2. Sebagaimana ia juga mendapatkan barang dengan
harga yang lebih murah bila dibandingkan dengan pembelian pada saat ia
membutuhkan kepada barang tersebut.
Sedangkan penjual juga mendapatkan keuntungan yang tidak kalah besar dibanding pembeli, diantaranya:
1. Penjual mendapatkan modal untuk menjalankan
usahanya dengan cara-cara yang halal, sehingga ia dapat menjalankan dan
mengembangkan usahanya tanpa harus membayar bunga. Dengan demikian selama belum
jatuh tempo, penjual dapat menggunakan uang pembayaran tersebut untuk
menjalankan usahanya dan mencari keuntungan sebanyak-banyaknya tanpa ada
kewajiban apapun.
2. Penjual memiliki keleluasaan dalam memenuhi
permintaan pembeli, karena biasanya tenggang waktu antara transaksi dan
penyerahan barang pesanan berjarak cukup lama.
2) Landasan Syari’ah
Akad bai’ salam diperbolehkan dalam akad jual beli.
Berikut penulis paparkan dalil-dalil (landasan syari’ah)yang terdapat dalam
Al-Quran, Sunnah, dan pendapat ulama.
a. Dalam surat Al-Baqarah ayat 282 Allah telah
menjelaskan tata cara mu’amalah dalam hutang piutang.
Allah berfirman:
Hai orang-orang yang beriman, apabila kamu bermu'amalah[179]
tidak secara tunai untuk waktu yang ditentukan, hendaklah kamu menuliskannya.
dan hendaklah seorang penulis di antara kamu menuliskannya dengan benar……
Dari ayat ini dapat kita pahami bahwa Allah telah membolehkan
melakukan akad jual beli secara tempo. Maka hendaknya melakukan pencatatan
untuk menghindari perselisihan di kemudian hari.
Mujahid dan Ibnu Abbas berkata, ayat ini diturunkan oleh Allah
untuk memberikan legalisasi akad salam yang dilakukan secara tempo, Allah telah
memberikan izin dan menghalalkannya, kemudian Ibnu Abbas membacakan ayat
tersebut (Ibnu Katsir, jilid I, hal. 500)

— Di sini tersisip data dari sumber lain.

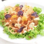 今回のご試食は、「早春野菜」をテーマにご提供させていただきました。春キャベツや香菜、タラの芽など山菜を使用したメニューを6品ご提案させていただきました。黄緑色やピンク色など、暖かい色合いのお料理で、春を感じていただけたのではないかと思います。
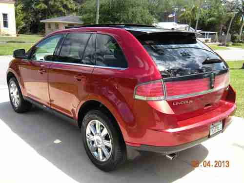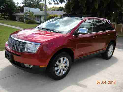 UP FOR AUCTION WE HAVE AN EXCEPTIONALLY CLEAN 2007 LINCOLN MKX V6 FRONT WHEEL DRIVE SUV/CROSSOVER WITH THE PREMIUM PACKAGE..3.5 LITER 265 HORSEPOWER V6 ENGINE..THIS SUV COULD EASILY PASS FOR A 30,000 MILE VEHICLE, IT'S THAT NICE..ALWAYS A SOUTH FLORIDA SUV..NEVER IN THE NORTHERN SALT/WINTERS..SOLD WITH "NO RESERVE"..BIDDING STARTS AT JUST $12,950.00..IF THE SUV GETS JUST 1 BID, IT SELLS..ORIGINAL WINDOW STICKER WAS ABOUT $44,000.00 IN 2007, REPLACEMENT COST NOW IS ALMOST $50,000.00 AS THIS 1 IS EQUIPPED..FACTORY NAVIGATION..FACTORY POWER PANORAMIC MOON ROOF..FACTORY 18"CHROME WHEELS..(4) BRAND NEW MICHELIN TIRES..HEATED AND AIR CONDITIONED FRONT SEATS..MEMORY SEAT PACKAGE..FACTORY FOG LIGHTS..FACTORY PREMIUM CD-6 SOUND SYSTEM..MULTIFUNCTION STEERING WHEEL..POWER REAR HATCH..POWER OPERATED FOLDING REAR SEATS..FUEL/TRIP COMPUTER..A 2 OWNER FLORIDA LINCOLN MKX..6 SPEED AUTOMATIC TRANSMISSION..FRONT AND REAR A/C..GETS ABOUT 23 MPG DOWN THE FREEWAY @ 70 MPH..CRUISE CONTROL..POWER EVERYTHING..DRIVES GREAT.. ORIGINAL MANUALS..1 MASTER COMBO KEY....BEAUTIFUL 100% ORIGINAL REDFIRE PEARL METALLIC PAINT, EASILY A "9"..LIGHT PARCHMENT HEATED AND AIR CONDITIONED LEATHER SEATS..HIGH POLISHED LIGHT ASH WOOD TRIM ON THE DASH, DOOR PANELS, AND STEERING WHEEL), WHICH IS ALSO EASILY A "9".
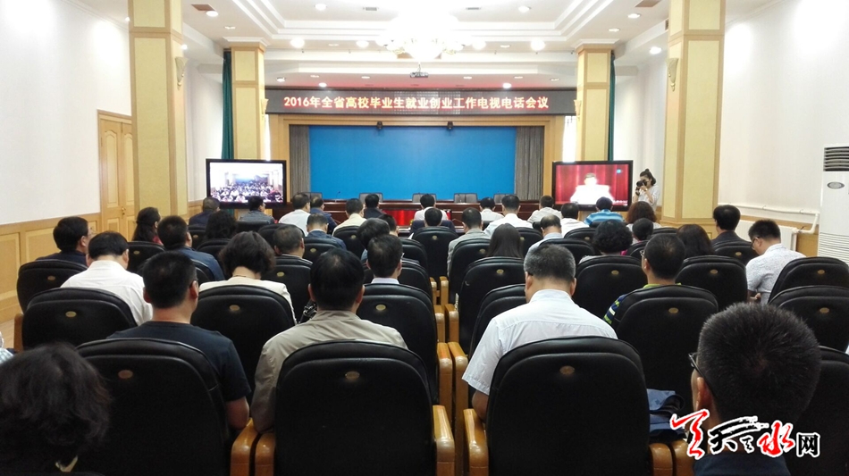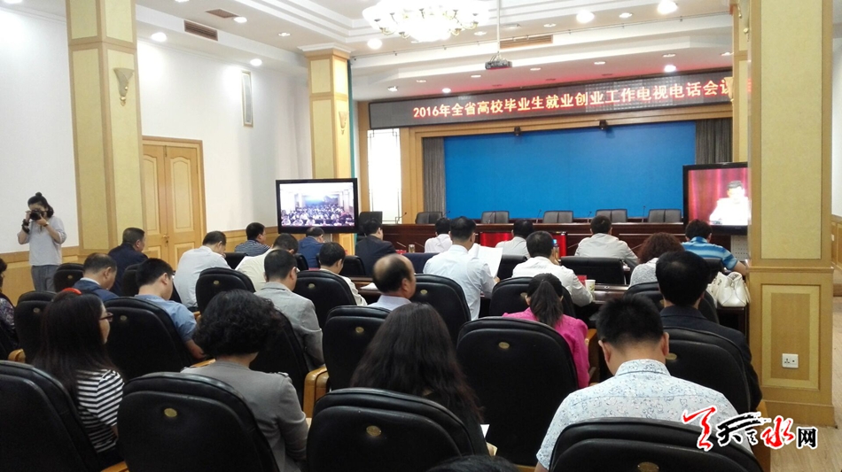 天天天水网6日10时讯【记者李旺旺】6月6日,2016年全省普通高校毕业生就业创业工作电视电话会议召开,天水市委常委、副市长张明泰及我市相关部门负责人在天水分会场收听收看。
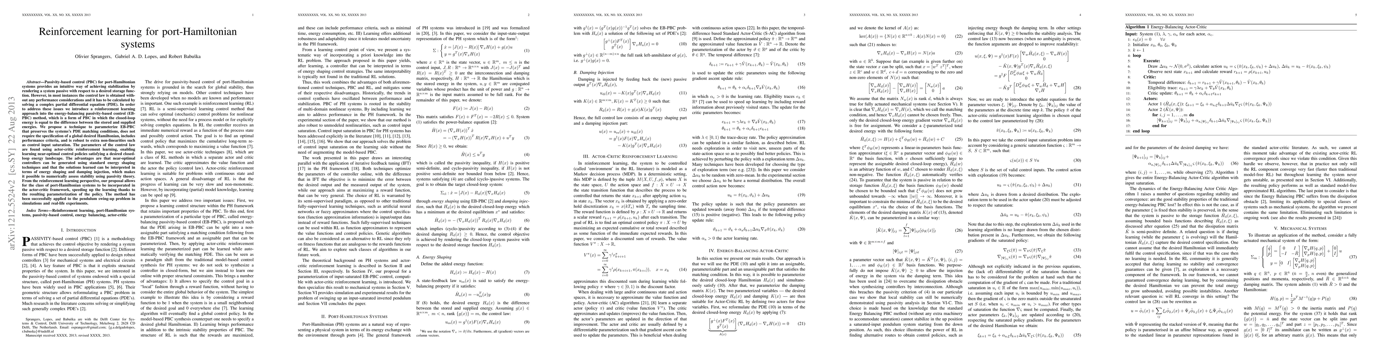 This paper proposes a reinforcement learning approach to enhance energy-balancing passivity-based control (EB-PBC) for port-Hamiltonian systems, enabling near-optimal control without solving complex PDEs. The method incorporates performance criteria and robustness to non-linearities, demonstrating successful application in pendulum swing-up tasks.
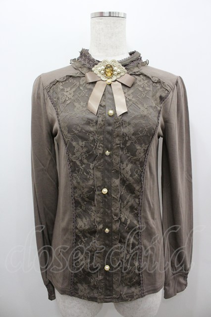 axes femme / ブローチ付スタンド襟PO M モカ I-26-02-11-012-AX-TO-SA-ZI [2100060000039962-I-26-02-11-012-AX-TO-SA-ZI]
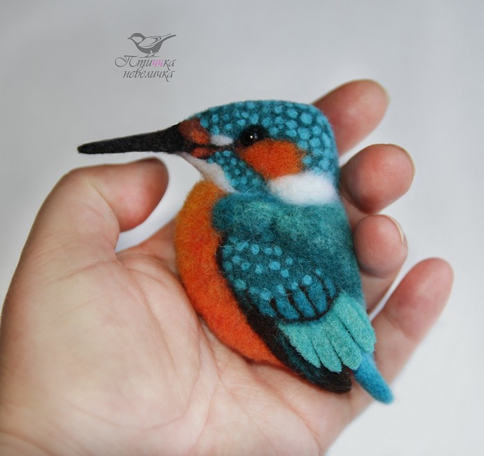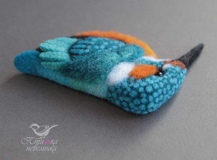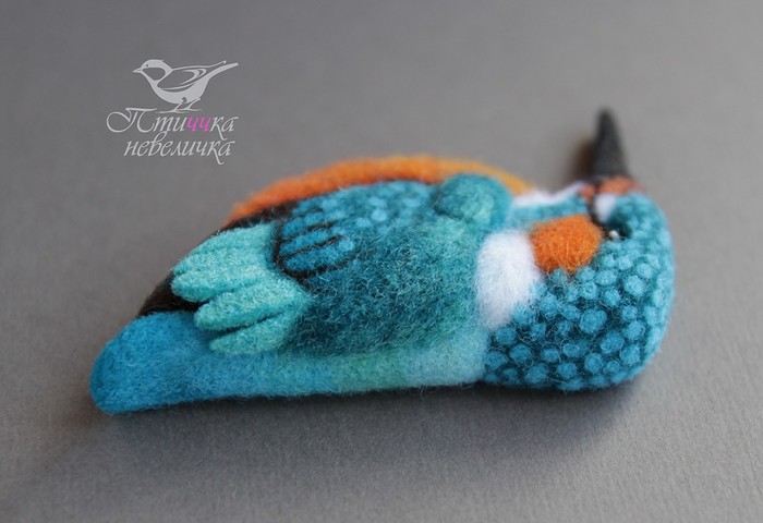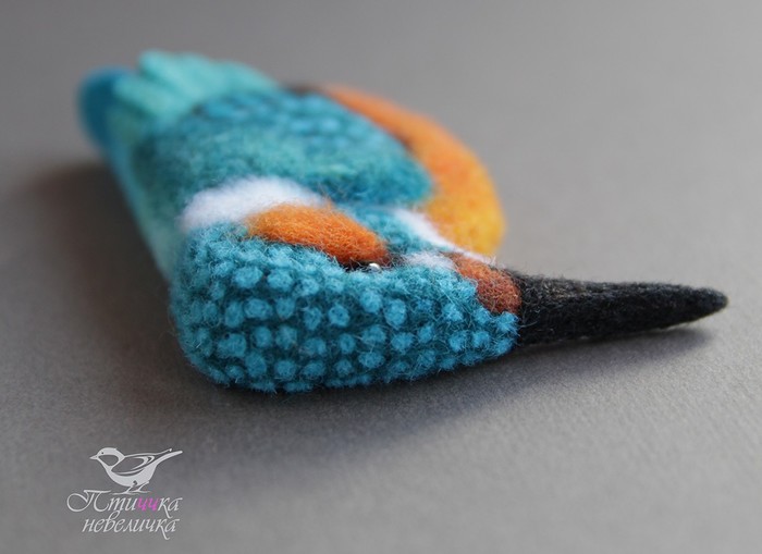 Ну, а если серьёзно, то это оказалась самая сложная из моих брошей: 3 оттенка оранжевого на пузике, 4 перехода цвета на спинке, 5 оттенков бирюзового ( шерсть красилась в ручную) и целая толпа млююююсеньких пятнышек.

b. Barang siapa melakukan salam, hendaklah ia
melakukan dengan takaran yang jelas dan timbangan yang jelas, untuk jangka
waktu yang diketahui” Hadits riwayat Imam BUkhari dari Ibnu Abbas merupakan
dalil yang secara sharih menjelaskan tentng keabsahan jual beli salam.
Berdasrkan atas ketentuan dalam hadits ini, dalam praktik jual
bei salam harus ditentukan spesifikasi barang secara jelas, baik dari sisi
kualitas, kuantitas, ataupun waktu penyerahannya, sehingga tidak terjadi perselisihan.

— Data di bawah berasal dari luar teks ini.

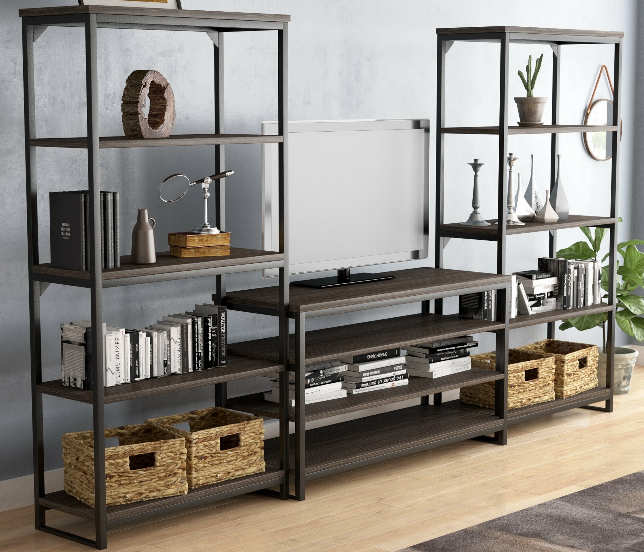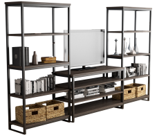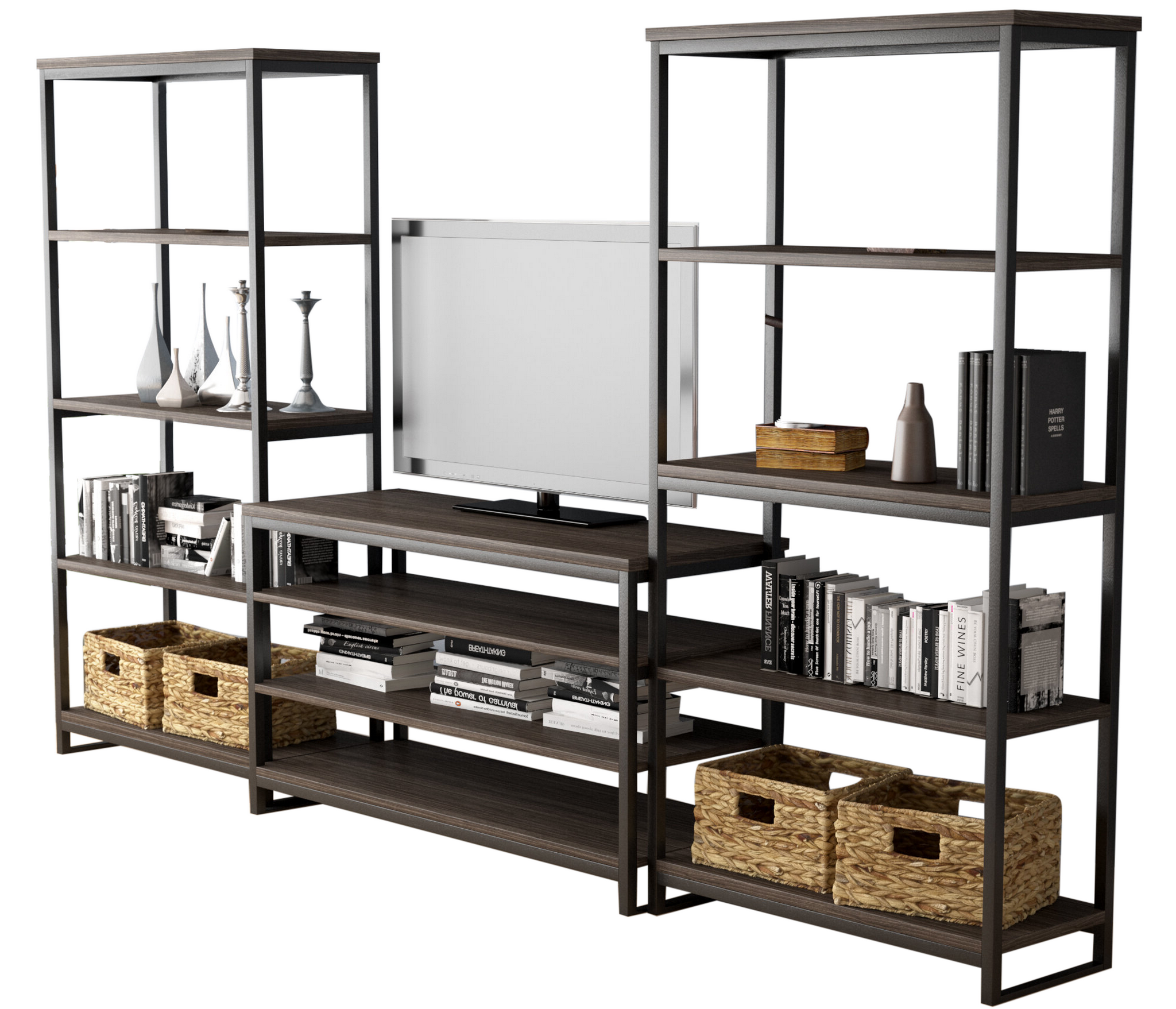 С ТВ тумбой , со стеллажом, глянцевые фасады, С полками
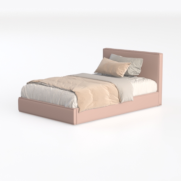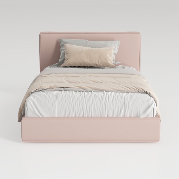 A bed inspired by soft, flowing natural forms, with blush pink velvety upholstery, smooth lines, and a plush headboard for relaxation. Its deep, padded frame ensures ultimate comfort, while light wooden furniture and linen bedding enhance a serene, minimalist vibe. Ample under-bed storage adds practicality to this cozy, stylish piece.
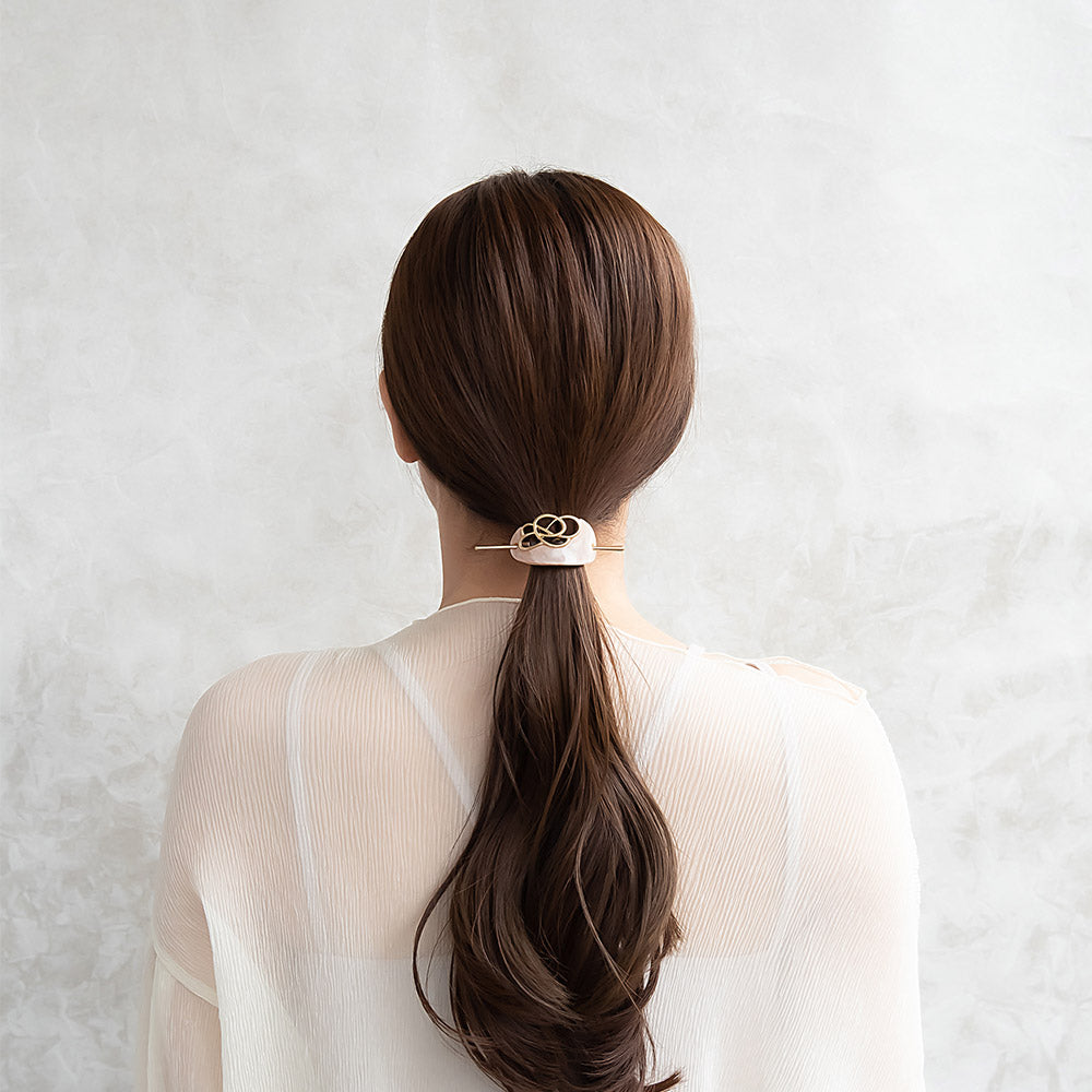マジェステをつけたような手の込んだ”風”のアレンジがすぐに叶う理想のアイテム。髪を結び、裏側のメタルピンをゴムに差し込むだけ!かんたん2stepで完成します。ヘアゴムの結び目が見えないので見ためがキレイな仕上がりに。

c. Sahabat Ibnu Abbas r.a berkata: Saya bersaksi bahwa jual-beli As Salaf yang terjamin hingga
tempo yang ditentukan telah dihalalkan dan diizinkan Allah dalam Al Qur'an,
Allah Ta'ala berfirman (artinya): "Hai orang-orang yang beriman, apabila
kamu bermu'amalah tidak dengan secara tunai, untuk waktu yang ditentukan,
hendaklah kamu menulisnya." (Riwayat As Syafi'i, At Thobary, Abdurrazzaq, Ibnu Abi
Syaibah, Al Hakim dan Al Baihaqy, dan dishohihkan oleh Al Albany)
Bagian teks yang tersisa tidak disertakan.